Thank you... That is better. I'm used to seeing manufacturer specific specs on things like light truck tires, large truck tires and trailer tires... Having searched car tires by make/brand I wasn't finding those.
Glad I could help.
If you want to compare the OEM Kenda, it is a 76 Load Rated tire. The OM states that the inflation pressure is 28 PSI +/- 2 PSI. Here is the data in that PSI range:
26 PSI-683 lbs
27 PSI-697 lbs
28 PSI-705 lbs
29 PSI-739 lbs
30 PSI-772 lbs
This data shows why when using a car tire, there are individuals advocating 18-20 PSI.
 
Stick a penny in the tread?

The handiest tire wear gauge around is probably in your pocket! Stick a penny in the tread (away from the wear bars) with the top of Lincoln's head down. If you can see the top of his head, the tread is worn below the limit.

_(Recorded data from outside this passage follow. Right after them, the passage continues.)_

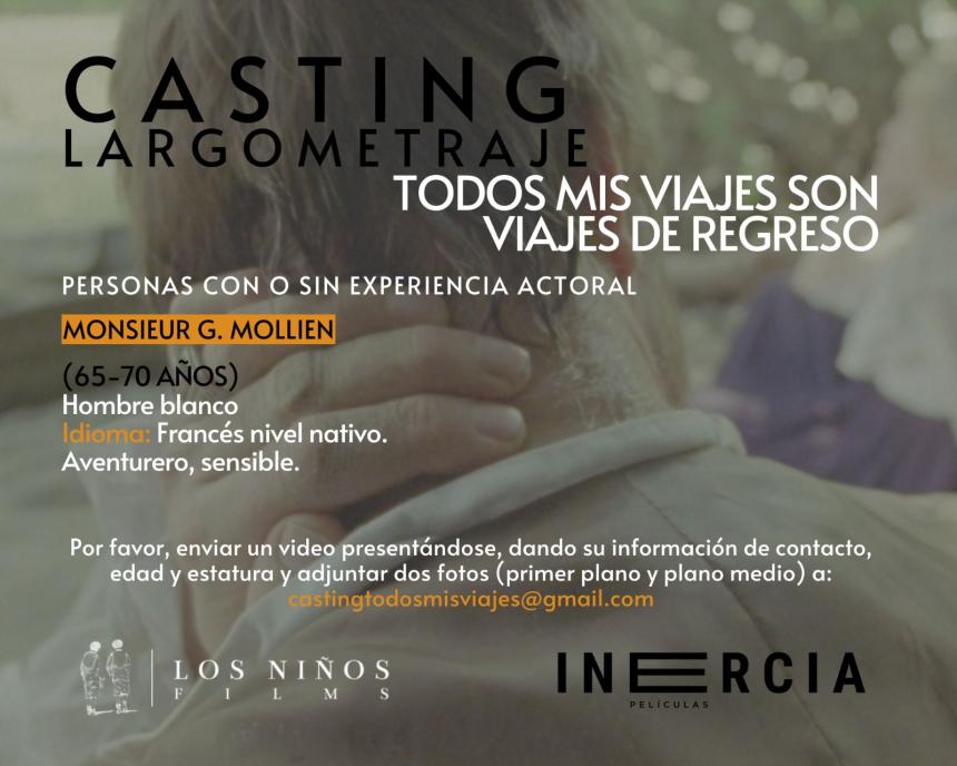 El coordinador de Casting de la película "Todos mis viajes son viajes de regreso", dirigida por Manuel Ponce De León. Está en el proceso de casting para esta película, la cual es producida por LOS NIÑOS FILMS, una casa productora reconocida por haber producido el largometraje "LAPU", estrenado mundialmente en la Competencia Oficial de Documentales del Sundance Film Festival, y cuyo estreno europeo tuvo lugar en la Selección Oficial de Forum en la 69ª edición de la Berlinale.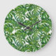 Green Monstera Leaves Tropical Seamless Large Clock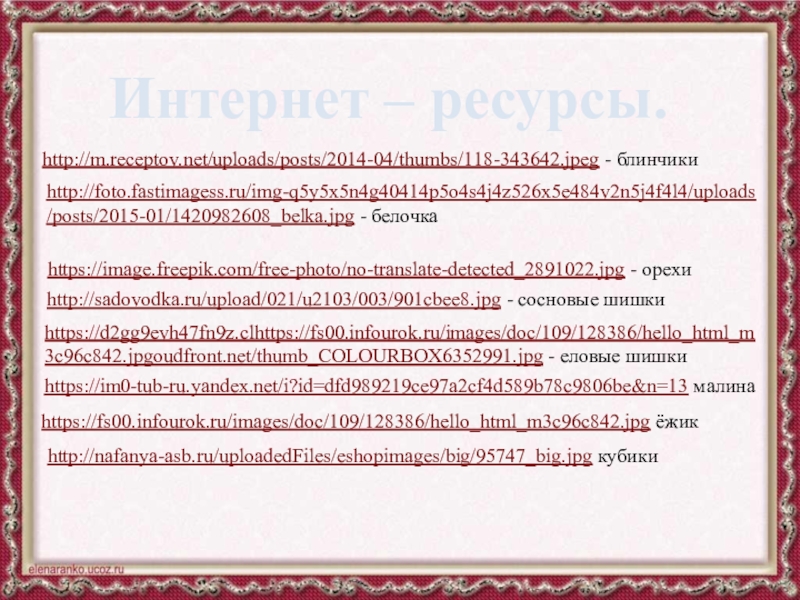 Интернет – ресурсы.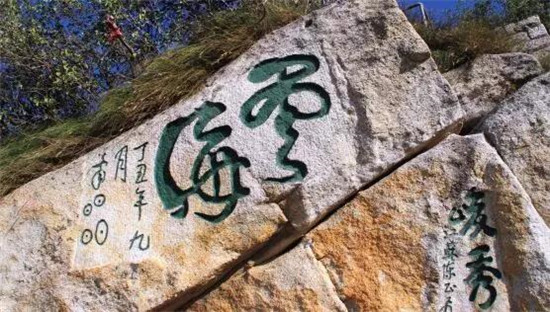 在蒼龍嶺上方平臺邊崖上刻有“云海”二字,落款就是“OO”題,不知“OO”是什么字?有人說是“昌”“明”二字,有人說是陜西關中方言“jiao”(意思就是太陽光很火辣),到底是什么字,至今既無稽可考,也無典可查,成為一大字謎。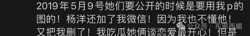 然后今天,乔欣的前助理出来发疯,爆了杨洋和前任们的料。虽然是老瓜,但相比前面两位,对我对大家的眼睛都好太多。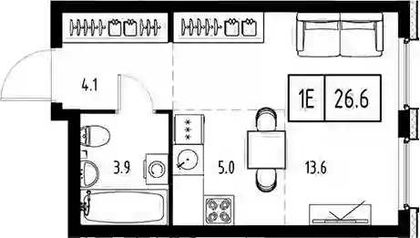 Студия, 26.6 м², 2 эт. в ЖК Заречный квартал Корпус 5

There used to be PSAs on TV about this, but I haven't seen one in many years.
 
Our rear tire didn't look quite as good as yours on one side but if you spun it 180°, it was as smooth as a baby's butt! Totally devoid of any tread!

It was like the tread was not concentric with the tire bead. It was not a result of a flat spot from the wheel being locked up and skidded. There was no abrupt change in tread depth, just a gradual increase and decrease as you spun the tire. I've never seen anything like it.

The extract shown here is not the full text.